Are you a three on the enneagram? One ESTP I know is a pretty typical 3w4. He is a perfectionist, including being a perfectionist in all his risk-taking...doing everything to the max and needing to be the best. He also has a depth or intensity (the four wing) and isn't as flighty or sweet/sugary-feeling as a 3w2 can seem.


----------



## Crack (Aug 17, 2015)

Hey @carolyn_z ! Thanks for your opinion !  I recognize me in both SP and NT temperaments.

To ESTP, I really like to take risks and live in the moment, but not extreme physical risks (because my body's health is very important to me) and if I like to live in the moment, I also think always about the consequences.

To ENTP, if I'm one, what you say about debats is really true !  On a discussion it's very very important to me to express my opinion, and argument a lot, a lot, a lot ! And when people say that what I say is stupid I can get very very angry ahahahaha xD
But I don't consider myself as just intellectual... I'm also very "physical", I'm very impulsive and, as I say, I like to feel sensations, especially in sport, one of the reasons that I like to make too many sport is that I'm feel sooo good after, when I get tired ;p

Yes, I'm a type 3 on enneagram, that's interesting what you say about 3w4 because, if I'm ENTP, that "physical intensity" can be from the 4 wing (and maybe also because I'm Sx-dom).
Do you know more differences between 3w2 and 3w4 ?


----------



## reptilian (Aug 5, 2014)

@Crack
My close friend is ESTP. The main difference with us is that I use more Ne and less Se. He thinks life should primarily be thought from a personal perspective, there is only 1 correct outlook on things, the correct way of its own experience. ENTP will not take his experience and opinion as total truths. Ne wants to seek more, it doesn't trust Se but he can still use it.
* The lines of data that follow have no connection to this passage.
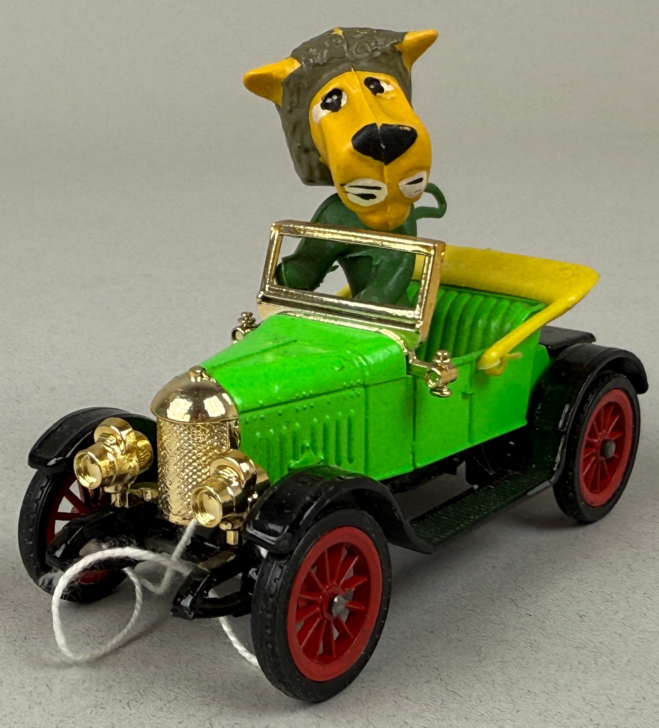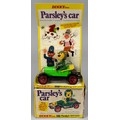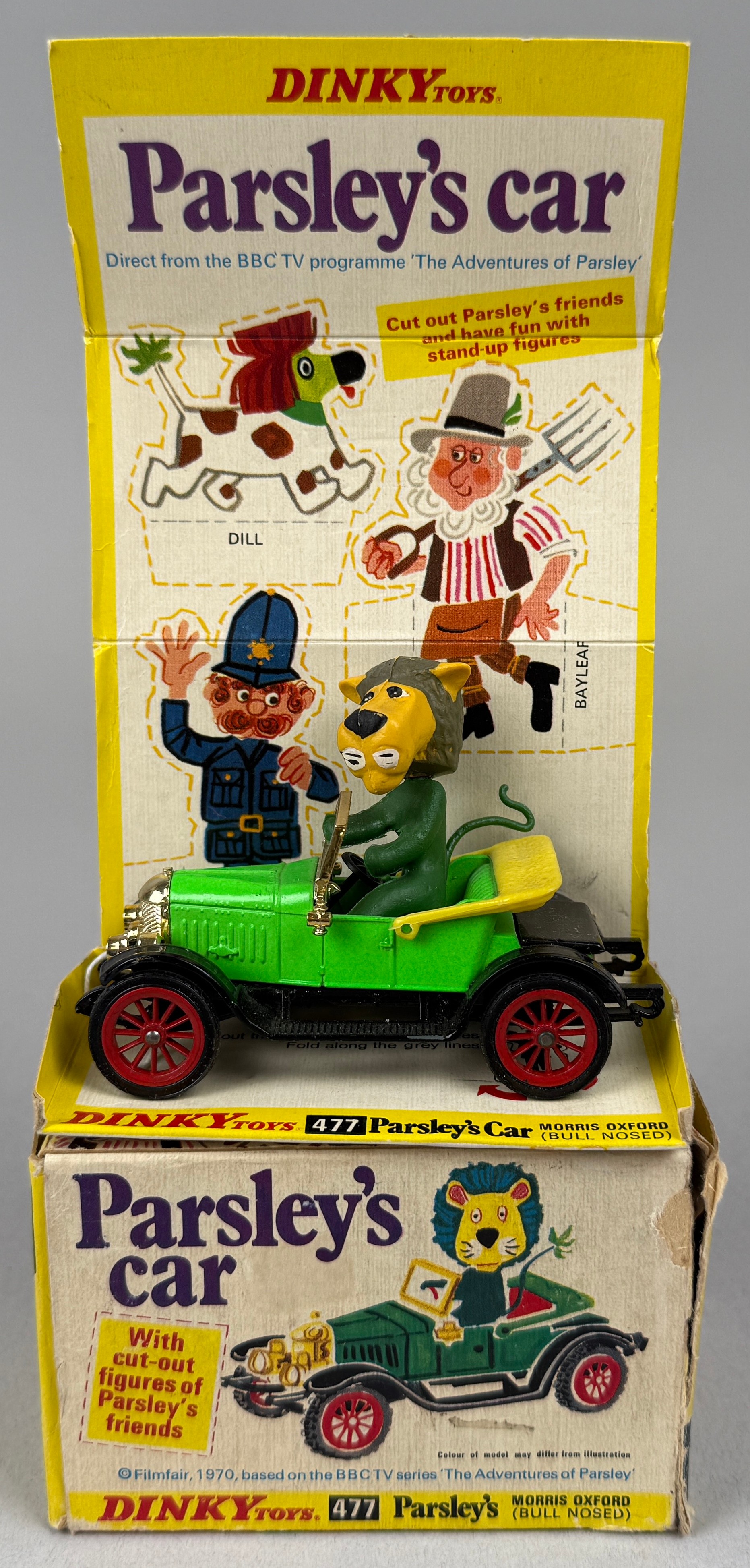Dinky Toys, Parsley's Car, No. 477, light green body, red spoked hubs, plastic moulded Parsley figure, cardboard display stand and box
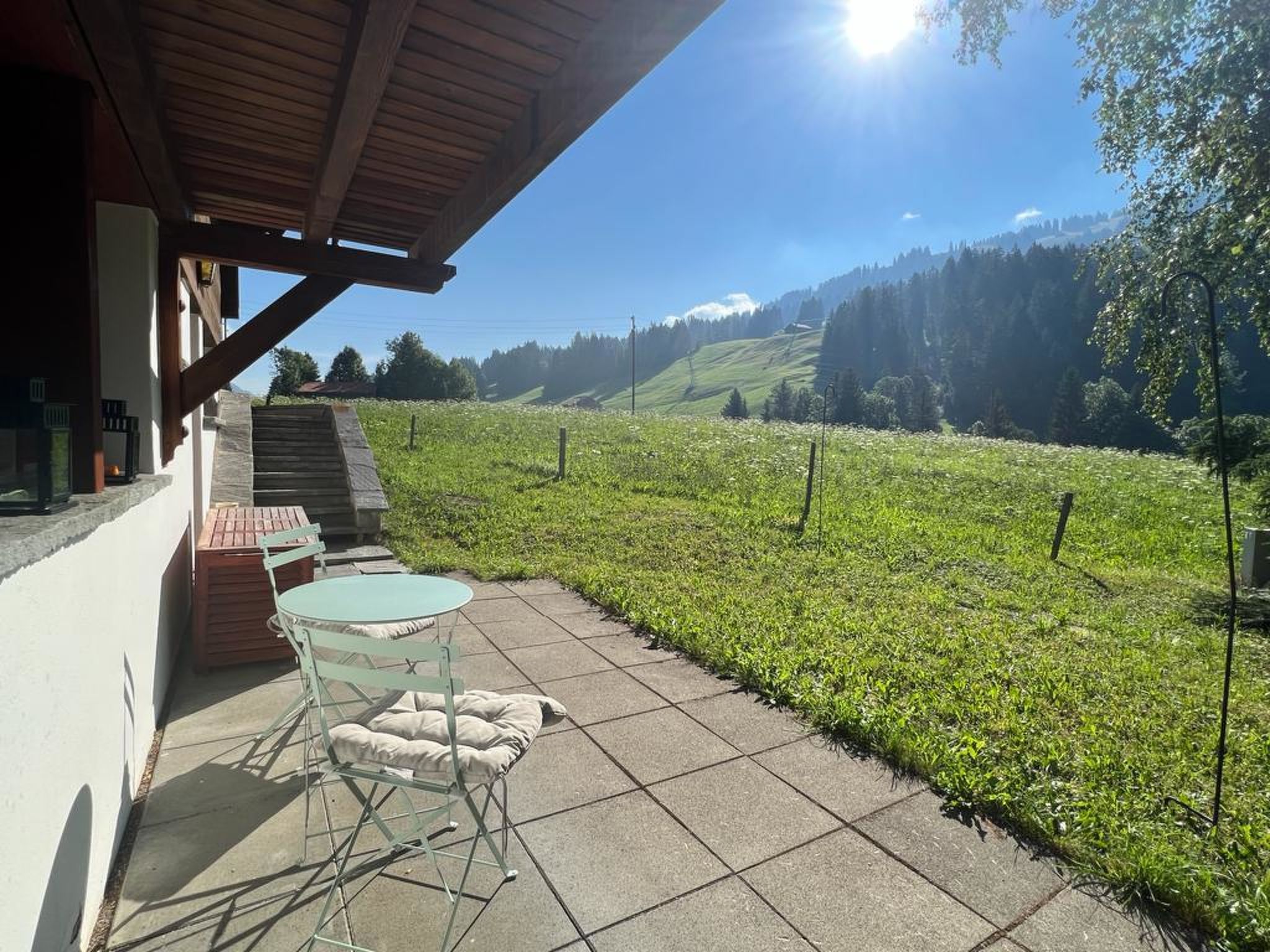 50 m2. Weitere Angaben des Anbieters: Charmante und sonnige 2-Zimmerwohung (50m2) im Erdgeschoss eines typischen Chalets, liebevoll und elegant eingerichtet. Mit fantastischer Aussicht auf das Saanenland und direktem Zugang zum sonnigen Gartensitzplatz. In unmittelbarer Nähe vom Bahnhof Schönried, den Geschäften und dem Skigebiet Horneggli gelegen. Idealer Ausgangspunkt zum Wandern, Biken und Skifahren. 1 ungedeckter Parkplatz. Im Winter 4x4 oder Schneeketten empfohlen (steile Zufahrt).
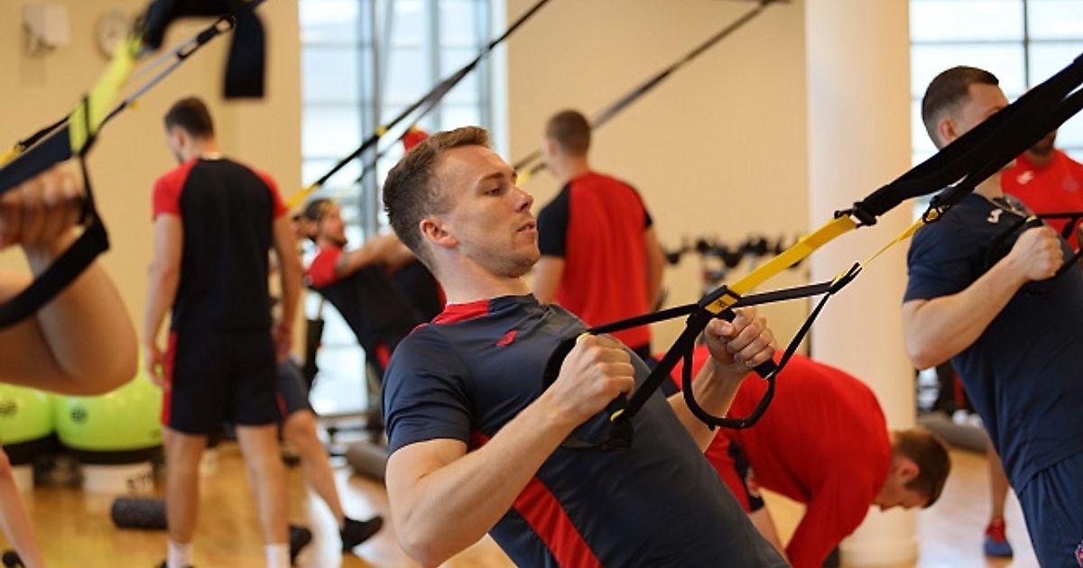 С отличным настроением ХК ЦСКА продолжает сборы в Минске Основная команда армейцев с 5 августа начала предсезонный сбор в столице Беларуси. Надо отметить, что в это время Минск и его окрестности привлекли на сборы семь клубов КХЛ, включая минское «Динамо». С этим клубом красно-синие проведут контрольный матч в заключительный день сборов 19 августа (начало в 12:00 мск). Команда под началом Ильи Воробьева проводит двухразовые занятия. Если в понедельник занятие на футбольном стадионе прошло вечером, то во вторник тренеры провели ротацию, и утром команда занималась в тренажерном зале, а вот второй половине дня отправилась на лед «Олимпик арены», где базируется во время сборов. Дорога от отеля до арены занимает не более 10 минут, так что все условия для игроков и команды созданы на отлично. Армейцы наигрывают сочетания в звеньях, и скоро мы увидим первые прикидки команды Ильи Воробьева. Вашему вниманию - фоторепортаж с утренней тренировки ХК ЦСКА.
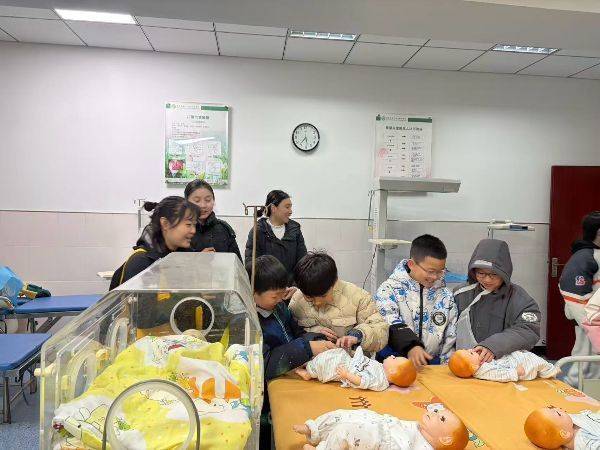 在护理实训室,整洁规范的模拟病房、种类齐全的护理训练设备让孩子们好奇不已,在老师的细致讲解下,大家对基础护理技能与医护工作的严谨性有了直观认知,对 “白衣天使” 的职业日常也多了一份理解与敬意。
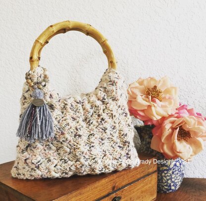 My Keep Calm Bag is crocheted and lined in a flat piece before attaching it to the bamboo handles. And no worries, only basic sewing by hand skills are required. I provide step by step instructions to crochet, line and assemble the bag. Once your bag is finished you can add a yarn or bead tassel to one of the handles if you wish to add a little extra pop.
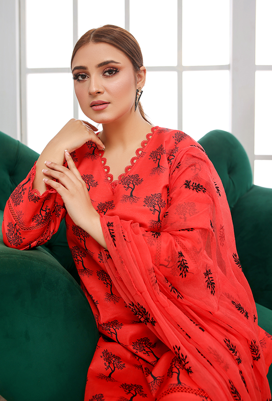 RED 3 PIECE PRINTED KAMEEZ WITH EMBROIDERED CHIFFON DUPPATA

ESTP will use Ne when he has to figure out how something would work in an alternative reality.

Since your interested in a theory like this I think you are probably more Ne that Se, at least in openness to understanding the mind in an abstract system like MBTI.

Ask yourself, what gives you more Energy; understanding all possibilities(Ne) or knowing your personal stance on the matter(Se)?


----------